History of development
- 1. A long time ago,
WebBasically, it’s just browsing documents. Since it’s browsing, as a server, it doesn’t need to record who browsed what documents in a certain period of time. Each request is a new one
HTTPProtocol is request plus response, especially I don’t have to remember who just sent it
HTTPRequests, every request is new to me.
- 2. But with interaction
WebThe rise of applications, such as online shopping sites, websites that need to be logged in, and so on, will immediately face a problem, that is, to manage conversations, we must remember who logged in to the system and who put goods in their shopping cart, That is to say, I have to distinguish everyone, which is a big challenge. Because HTTP requests are stateless, the solution is to send a session ID to everyone
session idTo put it bluntly, it is a random string, which everyone receives differently. Every time you send an HTTP request to me, you can send this string along with it, so that I can distinguish who is who
- 3. In this way, everyone is very hi PI, but the server is not hi PI, everyone only needs to save their own
session idAnd the server keeps everyone’s
session id! If there are more servers to access, there will be thousands, even hundreds of thousands.

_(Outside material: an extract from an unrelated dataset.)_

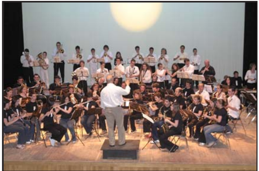
Pícolo y Saxo en Dax (Francia).

Durante estos tres días vamos a compartir experiencias, conocer su forma de trabajar y vivir la música. Nosotros corresponderemos a su visita el 26, 27 y 28 de enero. Allí acudiremos con una orquesta mixta integrada por varias formaciones.

This is a huge cost to the server, which seriously limits the server’s expansion ability. For example, I use two machines to form a cluster, and small f logs in to the system through machine a
session idIt will be saved on machine A. what if the next request of small f is forwarded to machine B? Machine B doesn’t have a small F
session idAh. Sometimes a little trick is used:
session stickyThat is, let small F’s requests stick to machine a all the time, but it doesn’t work. If machine a fails, it has to be transferred to machine B. That’s what we have to do
sessionIt’s a copy of it
session idI’m tired of moving between two machines.
Then there was a man named
MemcachedI’ve got a move
session idIt is centrally stored in one place, and all machines come to access the data of this place. In this way, there is no need to copy, but it increases the possibility of single point failure. If the machine responsible for the session is hung up, everyone will have to log in again, and it is estimated that they will be scolded to death.
I also try to cluster the single point machine to increase the reliability. However, this small session is a heavy burden for me
- 4. So some people have been thinking, why do I want to keep this hateful
sessionHow about just letting each client save it?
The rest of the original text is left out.